A faithful copy is required of the lines from the top of the entries through the line that contains "源程序→预处理→词法分析→语", both included, with no pictures.

[[ Data for the task open ]]

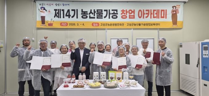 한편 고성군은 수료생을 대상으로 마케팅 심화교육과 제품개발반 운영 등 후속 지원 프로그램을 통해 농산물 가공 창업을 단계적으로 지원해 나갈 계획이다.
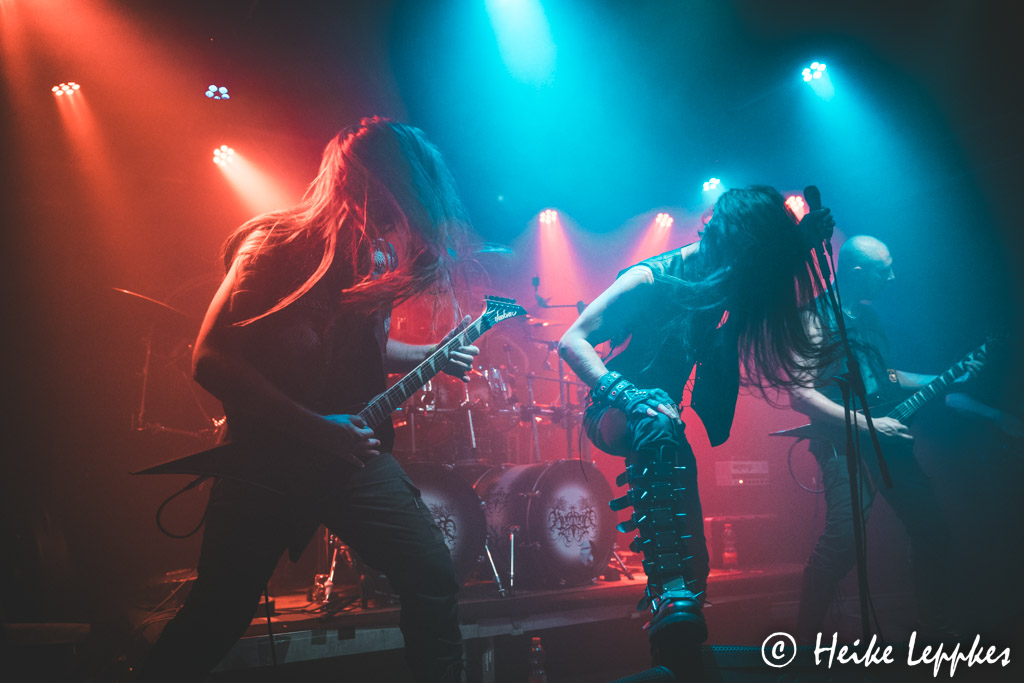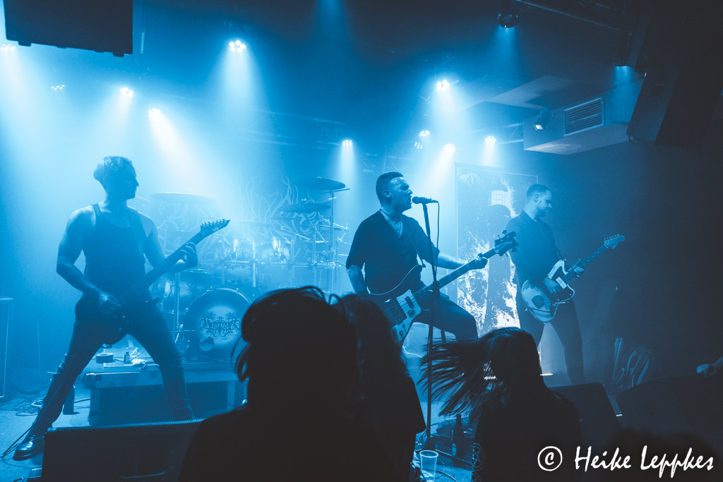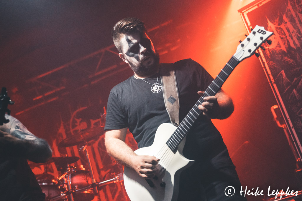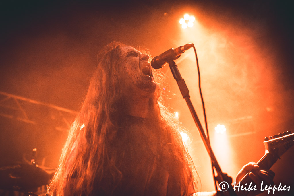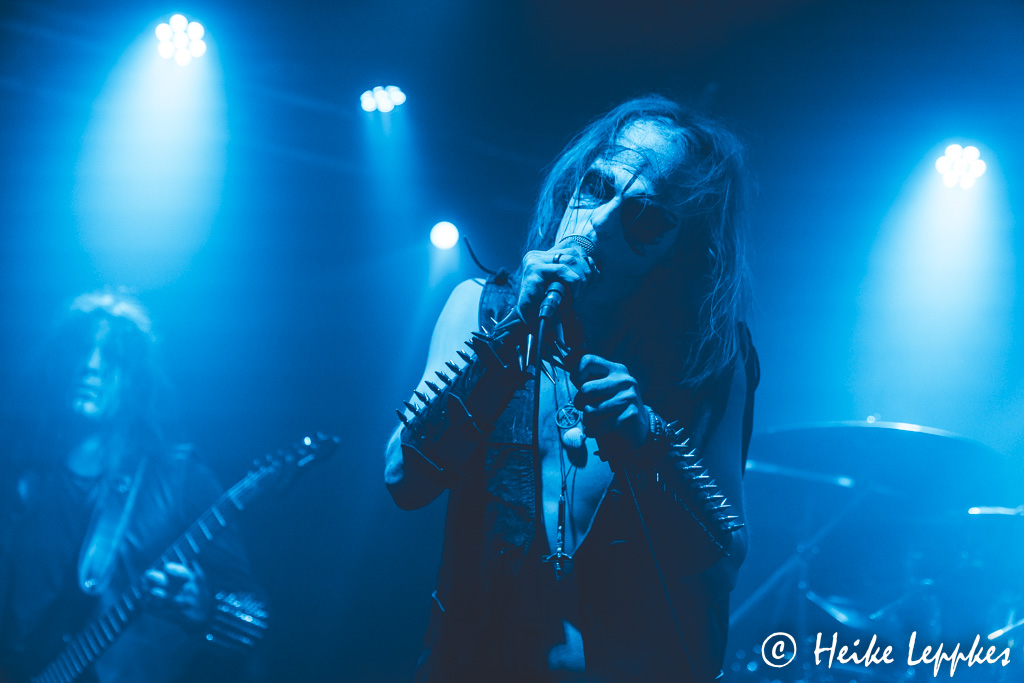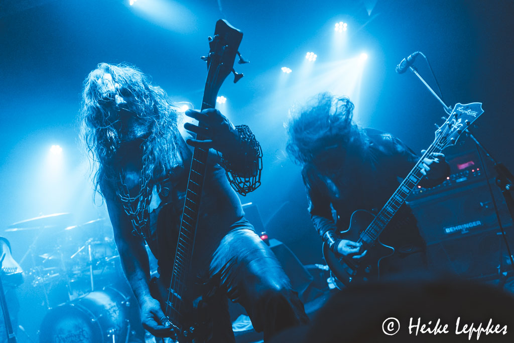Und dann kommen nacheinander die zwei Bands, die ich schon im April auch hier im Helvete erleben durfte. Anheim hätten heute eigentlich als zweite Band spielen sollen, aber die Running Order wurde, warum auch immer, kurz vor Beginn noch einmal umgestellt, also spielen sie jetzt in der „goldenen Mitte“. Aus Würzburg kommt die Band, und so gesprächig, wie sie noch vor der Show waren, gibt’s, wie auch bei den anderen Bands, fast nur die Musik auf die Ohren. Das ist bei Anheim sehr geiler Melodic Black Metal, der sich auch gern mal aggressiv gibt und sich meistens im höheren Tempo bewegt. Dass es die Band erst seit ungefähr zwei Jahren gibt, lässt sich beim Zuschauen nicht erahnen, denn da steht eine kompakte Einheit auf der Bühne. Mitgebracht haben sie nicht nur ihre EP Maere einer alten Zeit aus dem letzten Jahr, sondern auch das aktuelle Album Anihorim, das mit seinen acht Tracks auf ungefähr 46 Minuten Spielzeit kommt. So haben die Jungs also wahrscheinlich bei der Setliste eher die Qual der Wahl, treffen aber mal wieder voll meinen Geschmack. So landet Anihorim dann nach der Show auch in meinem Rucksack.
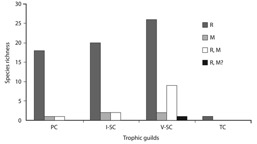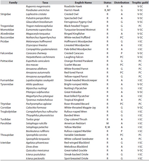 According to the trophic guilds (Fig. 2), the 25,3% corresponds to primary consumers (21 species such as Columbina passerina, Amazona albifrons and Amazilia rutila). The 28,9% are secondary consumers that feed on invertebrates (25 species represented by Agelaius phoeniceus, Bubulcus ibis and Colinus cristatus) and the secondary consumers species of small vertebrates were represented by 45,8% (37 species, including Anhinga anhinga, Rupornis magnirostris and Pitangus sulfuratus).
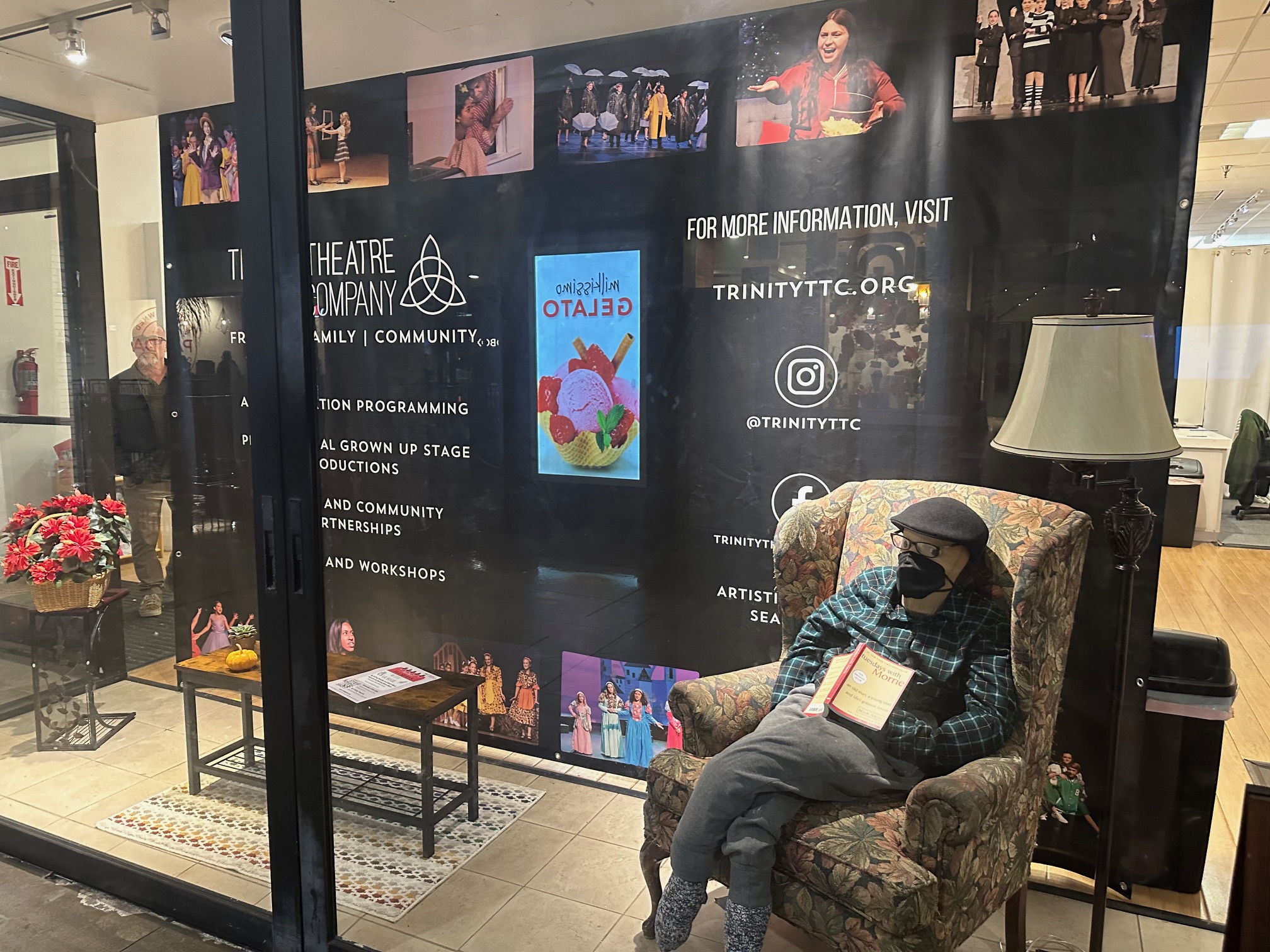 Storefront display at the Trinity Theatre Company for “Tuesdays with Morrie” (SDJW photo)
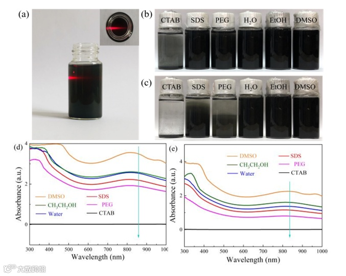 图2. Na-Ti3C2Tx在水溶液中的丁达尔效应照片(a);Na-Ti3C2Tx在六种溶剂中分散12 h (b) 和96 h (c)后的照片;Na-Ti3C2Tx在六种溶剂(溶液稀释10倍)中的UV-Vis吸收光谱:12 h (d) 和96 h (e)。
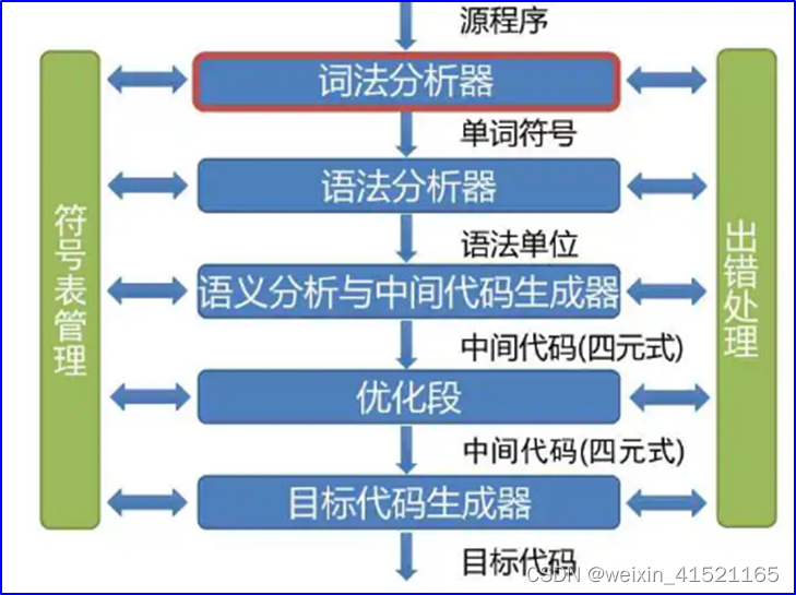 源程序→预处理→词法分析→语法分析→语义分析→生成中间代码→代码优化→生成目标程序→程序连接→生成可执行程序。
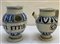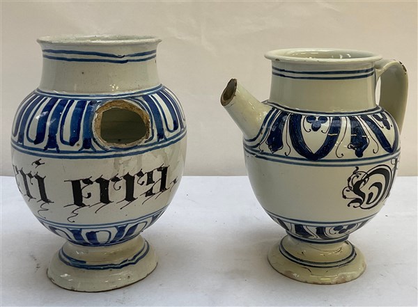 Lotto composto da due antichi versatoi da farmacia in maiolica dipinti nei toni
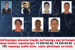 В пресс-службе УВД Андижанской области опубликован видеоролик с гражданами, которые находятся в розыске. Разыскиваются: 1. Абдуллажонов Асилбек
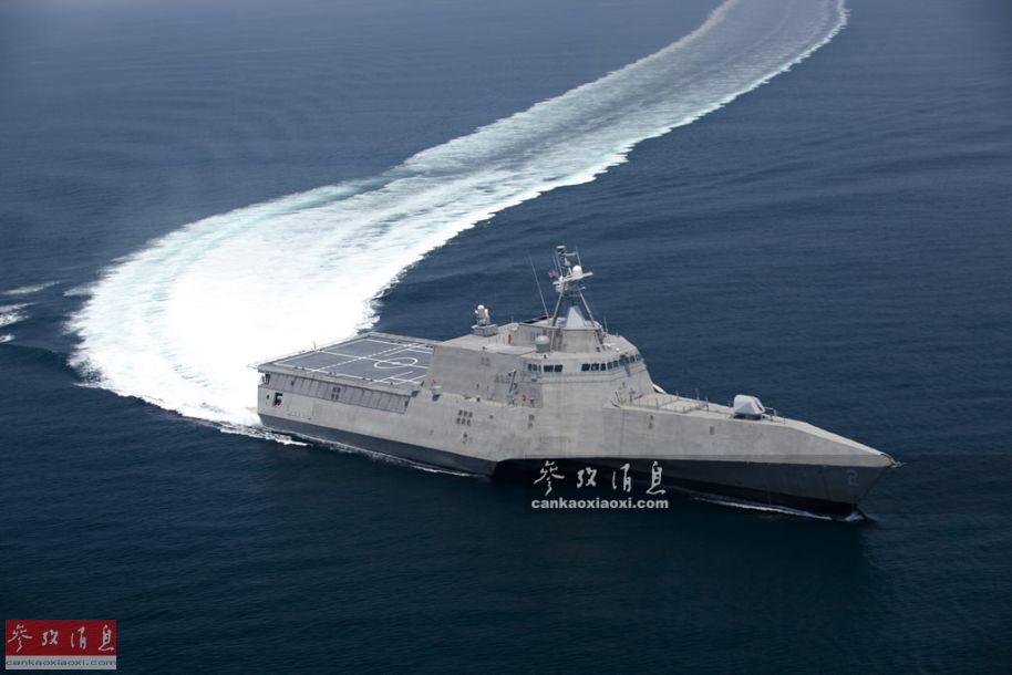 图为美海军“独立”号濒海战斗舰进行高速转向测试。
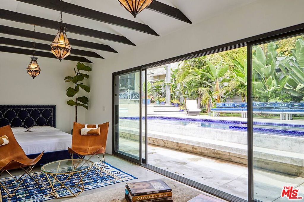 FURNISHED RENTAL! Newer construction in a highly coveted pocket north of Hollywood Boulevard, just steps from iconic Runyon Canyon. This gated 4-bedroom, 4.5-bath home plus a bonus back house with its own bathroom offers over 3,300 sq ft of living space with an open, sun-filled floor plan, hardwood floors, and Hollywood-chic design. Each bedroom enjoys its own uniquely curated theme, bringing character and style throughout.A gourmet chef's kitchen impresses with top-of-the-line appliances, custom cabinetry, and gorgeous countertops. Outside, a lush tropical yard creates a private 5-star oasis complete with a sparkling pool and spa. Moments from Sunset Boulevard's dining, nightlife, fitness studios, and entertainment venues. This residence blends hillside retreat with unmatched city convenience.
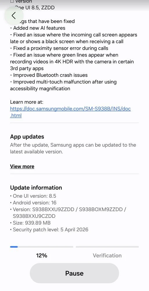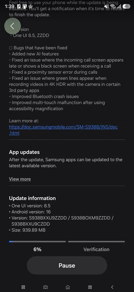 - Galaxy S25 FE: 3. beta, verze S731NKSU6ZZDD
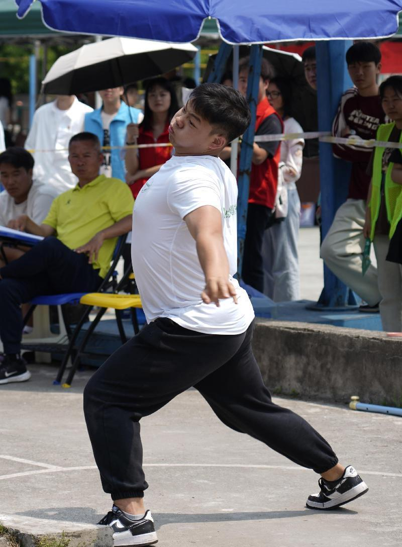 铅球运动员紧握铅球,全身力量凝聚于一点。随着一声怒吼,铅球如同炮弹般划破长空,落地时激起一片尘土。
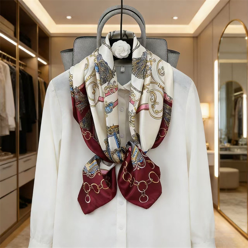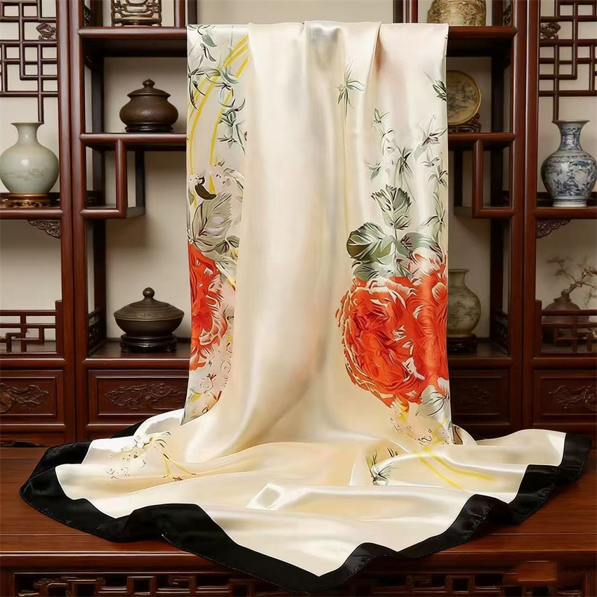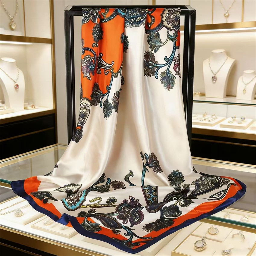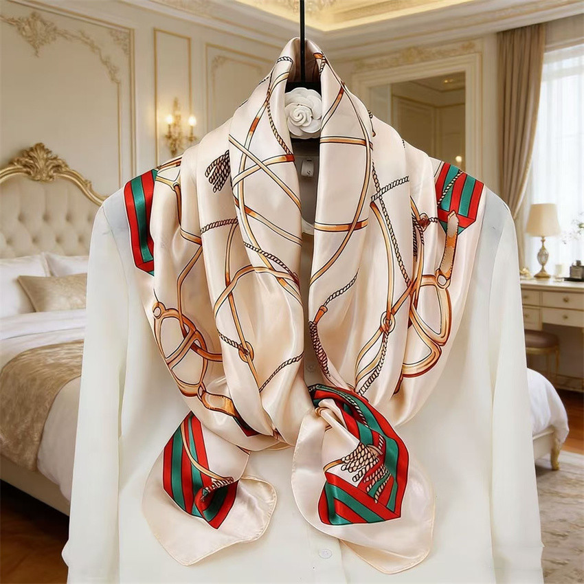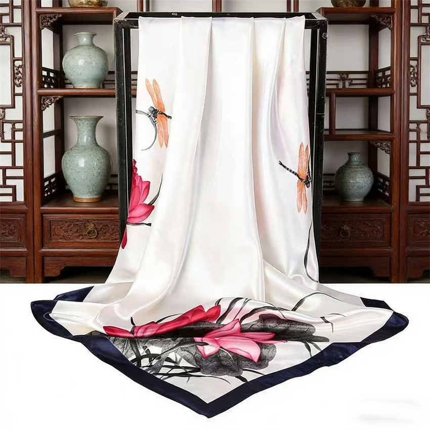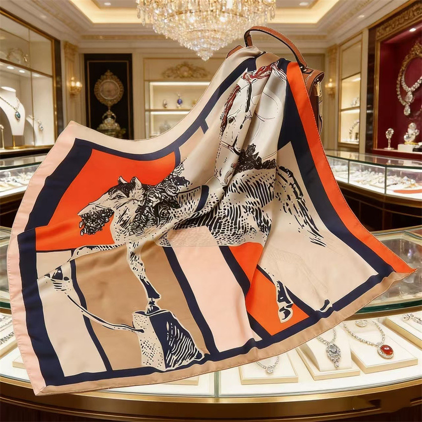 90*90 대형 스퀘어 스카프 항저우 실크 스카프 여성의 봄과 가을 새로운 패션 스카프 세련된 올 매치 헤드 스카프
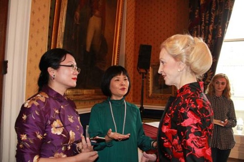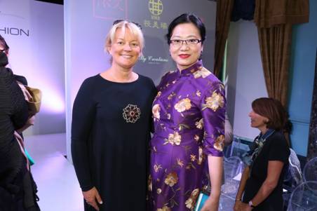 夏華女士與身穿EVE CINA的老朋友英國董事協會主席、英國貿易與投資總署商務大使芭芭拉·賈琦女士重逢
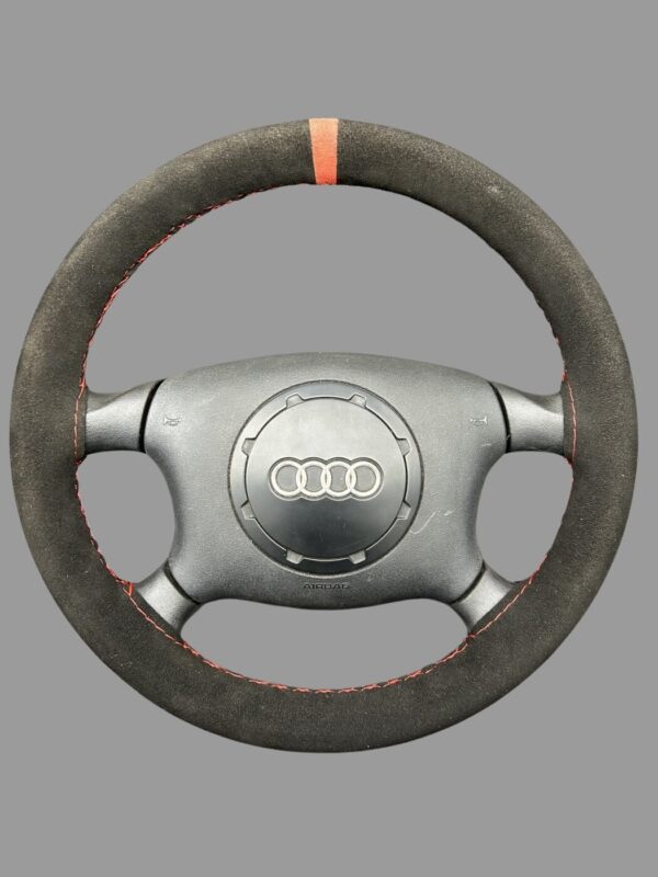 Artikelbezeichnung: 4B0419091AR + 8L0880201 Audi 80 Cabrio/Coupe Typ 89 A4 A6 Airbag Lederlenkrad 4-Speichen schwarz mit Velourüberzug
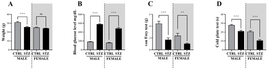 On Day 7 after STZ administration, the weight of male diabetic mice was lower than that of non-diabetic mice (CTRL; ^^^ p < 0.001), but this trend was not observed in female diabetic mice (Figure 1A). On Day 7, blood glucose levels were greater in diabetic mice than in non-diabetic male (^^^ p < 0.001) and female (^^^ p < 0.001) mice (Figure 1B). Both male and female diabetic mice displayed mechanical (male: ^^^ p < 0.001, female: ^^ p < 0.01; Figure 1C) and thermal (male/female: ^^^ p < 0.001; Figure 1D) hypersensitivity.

[[ Data for the task closed ]]

* **Exercise output**:
 한편 고성군은 수료생을 대상으로 마케팅 심화교육과 제품개발반 운영 등 후속 지원 프로그램을 통해 농산물 가공 창업을 단계적으로 지원해 나갈 계획이다.
Und dann kommen nacheinander die zwei Bands, die ich schon im April auch hier im Helvete erleben durfte. Anheim hätten heute eigentlich als zweite Band spielen sollen, aber die Running Order wurde, warum auch immer, kurz vor Beginn noch einmal umgestellt, also spielen sie jetzt in der „goldenen Mitte“. Aus Würzburg kommt die Band, und so gesprächig, wie sie noch vor der Show waren, gibt’s, wie auch bei den anderen Bands, fast nur die Musik auf die Ohren. Das ist bei Anheim sehr geiler Melodic Black Metal, der sich auch gern mal aggressiv gibt und sich meistens im höheren Tempo bewegt. Dass es die Band erst seit ungefähr zwei Jahren gibt, lässt sich beim Zuschauen nicht erahnen, denn da steht eine kompakte Einheit auf der Bühne. Mitgebracht haben sie nicht nur ihre EP Maere einer alten Zeit aus dem letzten Jahr, sondern auch das aktuelle Album Anihorim, das mit seinen acht Tracks auf ungefähr 46 Minuten Spielzeit kommt. So haben die Jungs also wahrscheinlich bei der Setliste eher die Qual der Wahl, treffen aber mal wieder voll meinen Geschmack. So landet Anihorim dann nach der Show auch in meinem Rucksack.
 According to the trophic guilds (Fig. 2), the 25,3% corresponds to primary consumers (21 species such as Columbina passerina, Amazona albifrons and Amazilia rutila). The 28,9% are secondary consumers that feed on invertebrates (25 species represented by Agelaius phoeniceus, Bubulcus ibis and Colinus cristatus) and the secondary consumers species of small vertebrates were represented by 45,8% (37 species, including Anhinga anhinga, Rupornis magnirostris and Pitangus sulfuratus).
 Storefront display at the Trinity Theatre Company for “Tuesdays with Morrie” (SDJW photo)
 图2. Na-Ti3C2Tx在水溶液中的丁达尔效应照片(a);Na-Ti3C2Tx在六种溶剂中分散12 h (b) 和96 h (c)后的照片;Na-Ti3C2Tx在六种溶剂(溶液稀释10倍)中的UV-Vis吸收光谱:12 h (d) 和96 h (e)。
 源程序→预处理→词法分析→语法分析→语义分析→生成中间代码→代码优化→生成目标程序→程序连接→生成可执行程序。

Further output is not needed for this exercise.